From the entries below, please output exactly the lines starting at the one containing "Mom lingerie female" and ending at the one containing "一、由甲方提供图纸,乙方按图", both included.

SOURCE MATERIAL -
★ ★ ★ ★ ★

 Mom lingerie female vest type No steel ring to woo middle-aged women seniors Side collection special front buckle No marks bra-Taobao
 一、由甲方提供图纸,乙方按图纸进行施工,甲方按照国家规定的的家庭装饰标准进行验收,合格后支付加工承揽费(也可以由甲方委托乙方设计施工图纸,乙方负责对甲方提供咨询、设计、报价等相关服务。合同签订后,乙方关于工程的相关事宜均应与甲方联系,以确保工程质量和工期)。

★ ★ ★ ★ ★

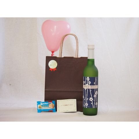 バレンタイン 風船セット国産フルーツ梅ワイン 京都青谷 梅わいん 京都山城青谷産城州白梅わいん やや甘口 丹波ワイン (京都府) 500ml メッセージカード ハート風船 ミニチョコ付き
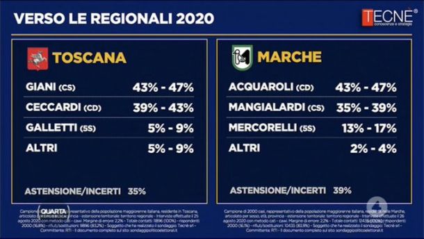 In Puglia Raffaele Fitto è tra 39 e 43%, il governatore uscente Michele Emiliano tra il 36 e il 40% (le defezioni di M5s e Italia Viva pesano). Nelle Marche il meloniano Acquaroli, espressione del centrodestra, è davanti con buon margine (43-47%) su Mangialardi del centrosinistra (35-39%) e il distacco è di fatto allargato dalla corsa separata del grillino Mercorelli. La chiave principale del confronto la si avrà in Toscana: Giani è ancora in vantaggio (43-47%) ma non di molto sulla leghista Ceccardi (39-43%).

★ ★ ★ ★ ★

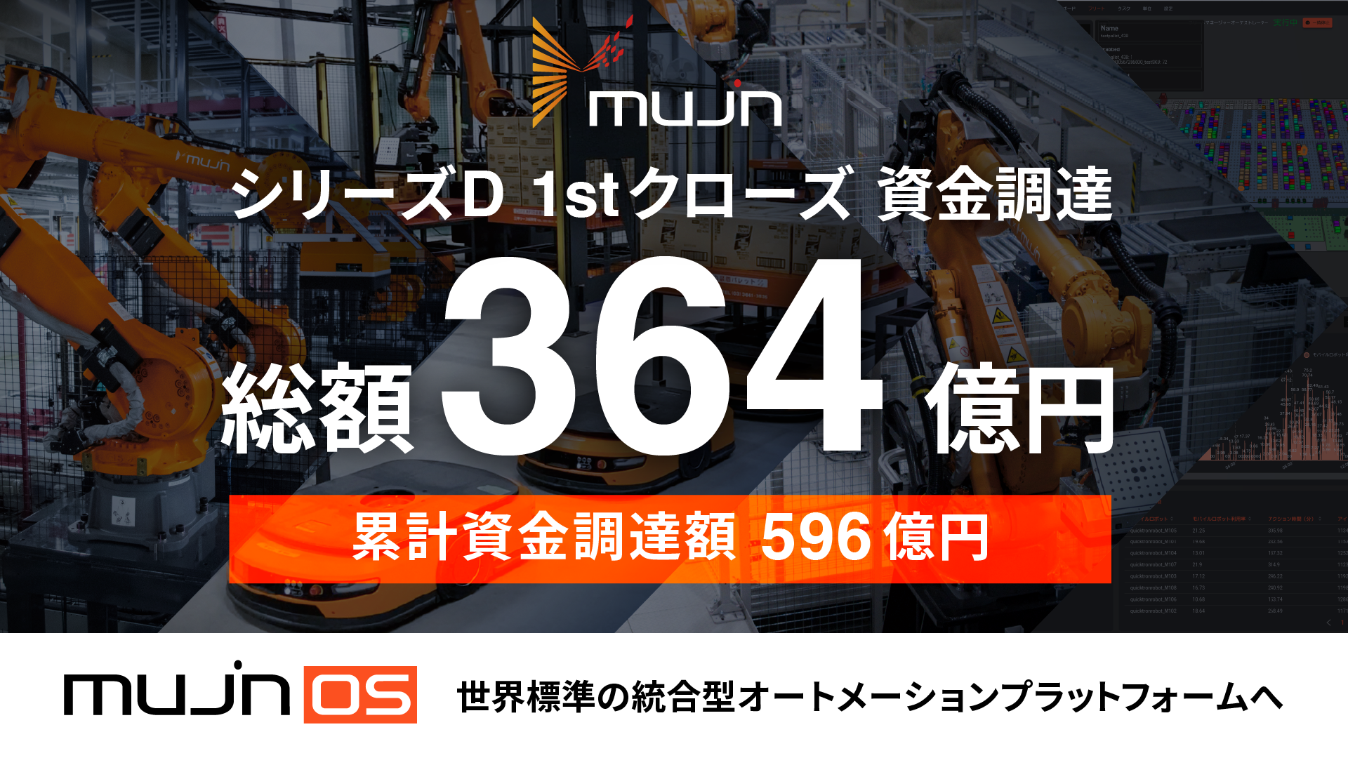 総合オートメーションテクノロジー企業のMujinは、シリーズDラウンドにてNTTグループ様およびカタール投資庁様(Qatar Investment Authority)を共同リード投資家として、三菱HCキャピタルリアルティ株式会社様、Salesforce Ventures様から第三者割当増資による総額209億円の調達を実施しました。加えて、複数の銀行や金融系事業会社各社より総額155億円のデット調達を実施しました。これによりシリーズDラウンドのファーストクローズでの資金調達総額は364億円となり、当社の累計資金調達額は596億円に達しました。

★ ★ ★ ★ ★

SOLUTION TO THE PROBLEM -
 Mom lingerie female vest type No steel ring to woo middle-aged women seniors Side collection special front buckle No marks bra-Taobao
 一、由甲方提供图纸,乙方按图纸进行施工,甲方按照国家规定的的家庭装饰标准进行验收,合格后支付加工承揽费(也可以由甲方委托乙方设计施工图纸,乙方负责对甲方提供咨询、设计、报价等相关服务。合同签订后,乙方关于工程的相关事宜均应与甲方联系,以确保工程质量和工期)。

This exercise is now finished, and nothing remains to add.